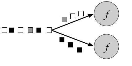 Data exchange strategies define how data items are assigned to tasks in a physical dataflow graph. Data exchange strategies can be automatically chosen by the execution engine depending on the semantics of the operators or explicitly imposed by the dataflow programmer. Here, we briefly review some common data exchange strategies, as shown in Figure 2.3.
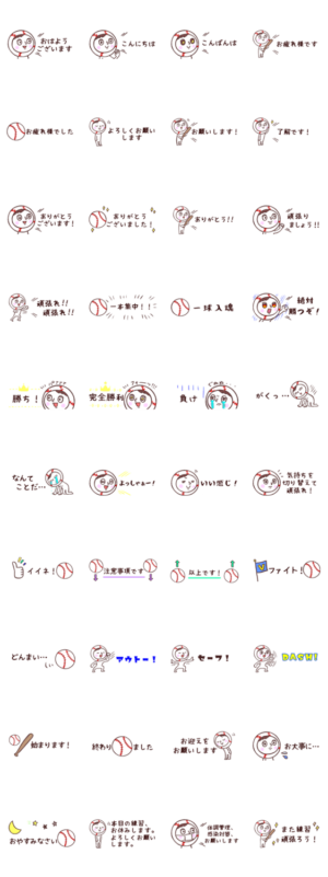ラインのやり取りが見やすい省スペースタイプ。野球が好きな人、部活や少年団、チームのメンバー、保護者などみんなに使えるスタンプです。毎日使える/部活/少年団
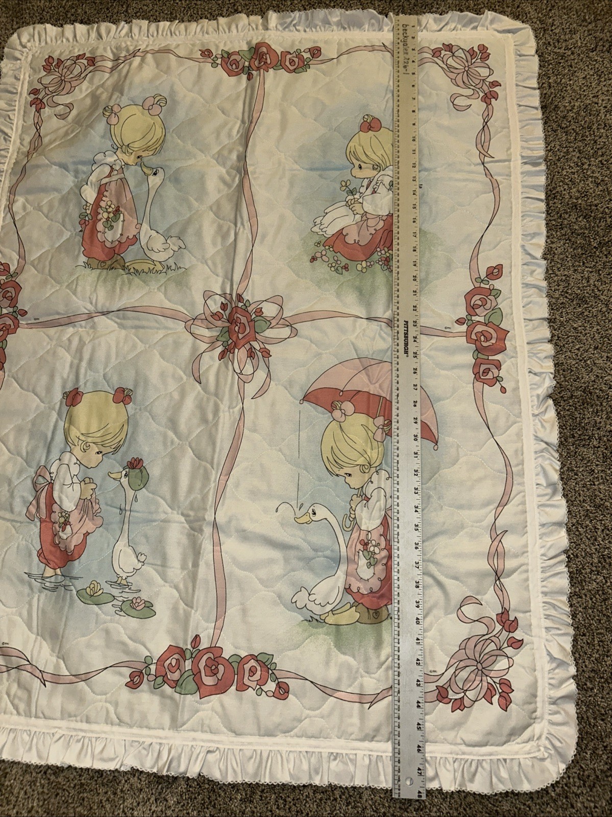 как выглядит VTG Precious Moments Girl Goose Ruffle Trim Baby Blanket Quilt фото
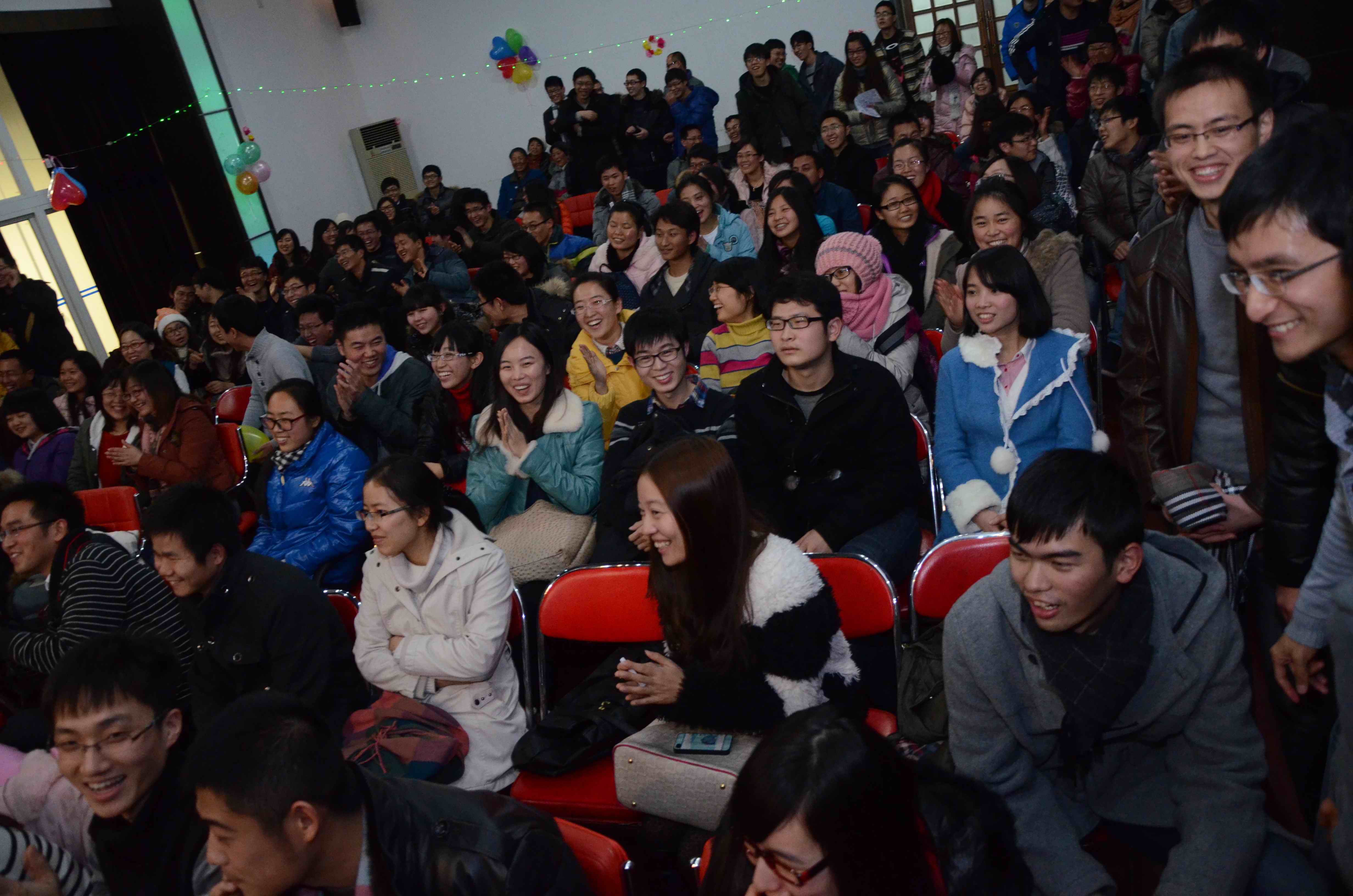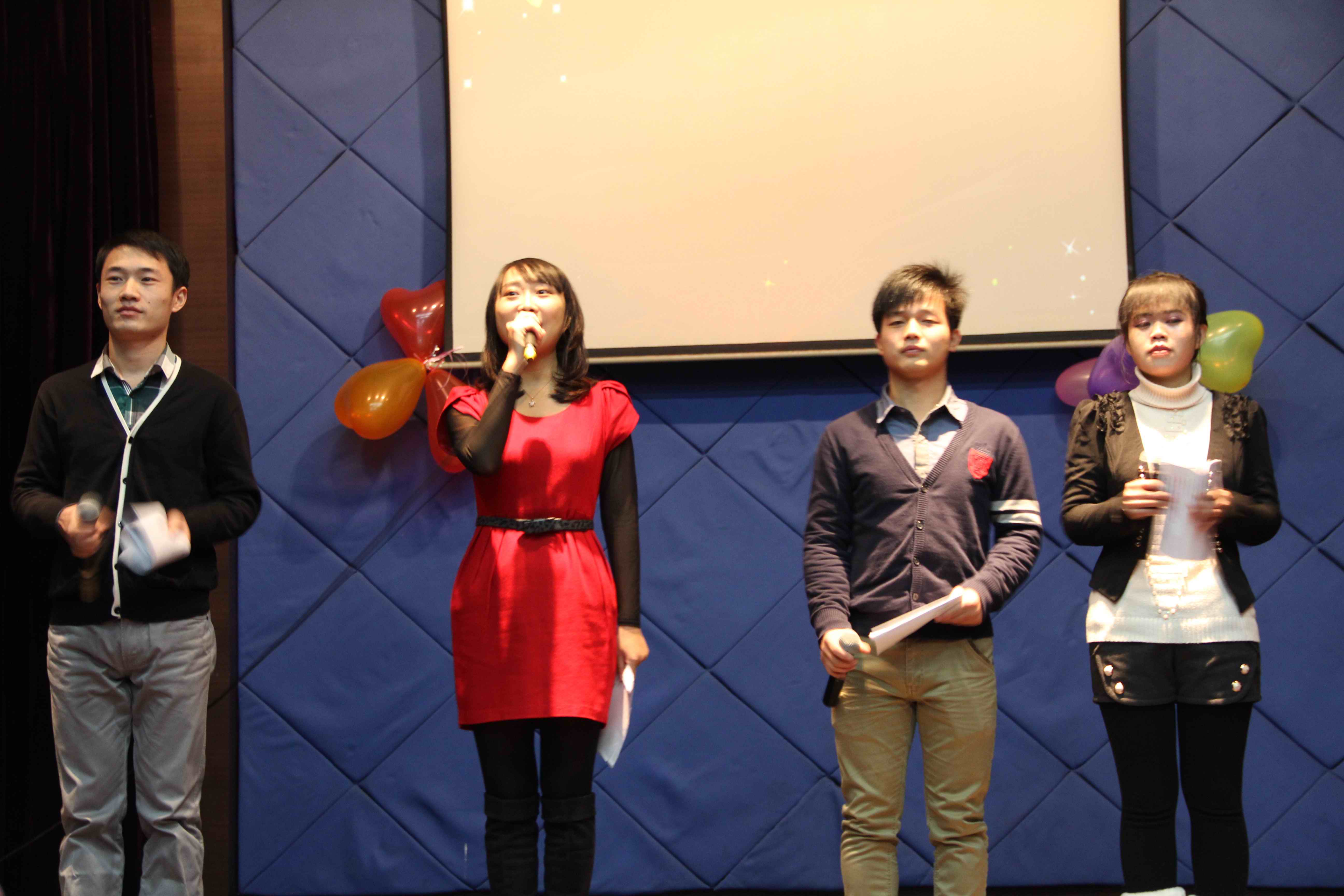 12月22日晚上7点,同济-复旦大学环境学院双蛋晚会在同济新村的工会俱乐部举行,这场以“重生后的狂欢”为主题的晚会同时也是同济大学和复旦大学环境学院的一次联谊。同济大学环境学院的张博老师、李攀老师来到了晚会现场,随后张博老师为本次晚会致辞,预祝晚会顺利进行。晚会上,同学们各显其能,展示了“环境人”独特的风采。晚会在舞蹈《梦想高飞》的欢快节奏中拉开帷幕,随后的吉他弹唱《我的歌声里》表演者用他们的歌声征服了全场,小品《高校辩论》在带来欢乐的同时也给人以思考,古筝笛子合奏《沧海一声笑》让观众体验古典美之余也想起了那个江湖,机械舞《poping show》动感的音乐以及精湛的表演将现场气氛带入高潮,同济大学十大歌手龚超自弹自唱《春天里》,浑厚的嗓音让现场观众如痴如醉,音乐小品《圣诞结》带来浓浓的圣诞气氛,舞蹈《失恋战线联盟》并不是一群失恋的人在跳舞,带给观众快乐才是真谛,而留学生表演的吉他弹唱带大家走进尼泊尔,领略他国的名族风情,歌曲串烧《庄生晓梦》有笑点、有惊叹、有感动。节目之间穿插有游戏和抽奖环节,全面地调动了在场观众的情绪,让每个人都有机会参与其中,丰厚的奖品也让大家有提前过节的感觉。最后,晚会在全体合唱《爱因为在心中》的歌声中落下帷幕,晚会顺利结束。此次晚会不仅增加了环境学院研究生之间的交流,更增进与兄弟院校之间的友谊。

Task objective » Would you reproduce each line of the material exactly, omitting the images?

Task solution »
 Data exchange strategies define how data items are assigned to tasks in a physical dataflow graph. Data exchange strategies can be automatically chosen by the execution engine depending on the semantics of the operators or explicitly imposed by the dataflow programmer. Here, we briefly review some common data exchange strategies, as shown in Figure 2.3.
ラインのやり取りが見やすい省スペースタイプ。野球が好きな人、部活や少年団、チームのメンバー、保護者などみんなに使えるスタンプです。毎日使える/部活/少年団
 как выглядит VTG Precious Moments Girl Goose Ruffle Trim Baby Blanket Quilt фото
 12月22日晚上7点,同济-复旦大学环境学院双蛋晚会在同济新村的工会俱乐部举行,这场以“重生后的狂欢”为主题的晚会同时也是同济大学和复旦大学环境学院的一次联谊。同济大学环境学院的张博老师、李攀老师来到了晚会现场,随后张博老师为本次晚会致辞,预祝晚会顺利进行。晚会上,同学们各显其能,展示了“环境人”独特的风采。晚会在舞蹈《梦想高飞》的欢快节奏中拉开帷幕,随后的吉他弹唱《我的歌声里》表演者用他们的歌声征服了全场,小品《高校辩论》在带来欢乐的同时也给人以思考,古筝笛子合奏《沧海一声笑》让观众体验古典美之余也想起了那个江湖,机械舞《poping show》动感的音乐以及精湛的表演将现场气氛带入高潮,同济大学十大歌手龚超自弹自唱《春天里》,浑厚的嗓音让现场观众如痴如醉,音乐小品《圣诞结》带来浓浓的圣诞气氛,舞蹈《失恋战线联盟》并不是一群失恋的人在跳舞,带给观众快乐才是真谛,而留学生表演的吉他弹唱带大家走进尼泊尔,领略他国的名族风情,歌曲串烧《庄生晓梦》有笑点、有惊叹、有感动。节目之间穿插有游戏和抽奖环节,全面地调动了在场观众的情绪,让每个人都有机会参与其中,丰厚的奖品也让大家有提前过节的感觉。最后,晚会在全体合唱《爱因为在心中》的歌声中落下帷幕,晚会顺利结束。此次晚会不仅增加了环境学院研究生之间的交流,更增进与兄弟院校之间的友谊。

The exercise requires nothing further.